At this juncture, it should be noted, the Cities Service Gas Company paid a $10 rental per year to Leland O. Armstrong for this meter and regulator lease from the time it was granted until this action Was commenced. It seems to me this is an absolute admission binding upon Cities Service Gas Company in derogation of its asserted claim to a prescriptive easement based on a “belief of ownership” against the remaindermen. It recognizes Leland O. *320Armstrong, with whom it is in privity, as the owner of the servient estate.
By classifying K. S. A. 60-503 as a statute of limitations the court justifies its application retroactively to a claim “under a belief of ownership,” which is an entirely new concept under the adverse possession statute. In this respect amendment of the adverse possession statute, as it now appears in the new code of civil procedure, effective January 1, 1964, changes the substantive rights of the parties.

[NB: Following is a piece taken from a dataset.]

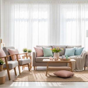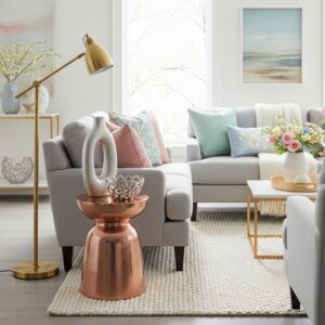 A blush pink armchair, a mint coffee table, or a soft yellow ottoman adds a playful spring touch without overwhelming the room.

For example, prior to January 1, 1964, the appellees in this case were required to hold possession knowingly adverse and in open hostility to the owner of the property. They were required to hold the possession of the property in this manner for a period of fifteen years before their possession ripened into title. By admission the appellees at no time claimed title to their easements knowingly adverse or in open hostility to the remaindermen in this case. They candidly admit their claim to a prescriptive easement is based upon a “belief of ownership.” Now, if “a belief of ownership” was insufficient prior to January 1, 1964, how can it be said the appellees have claimed adversely for a period of fifteen years under the present statute? (K.S. A. 60-503.)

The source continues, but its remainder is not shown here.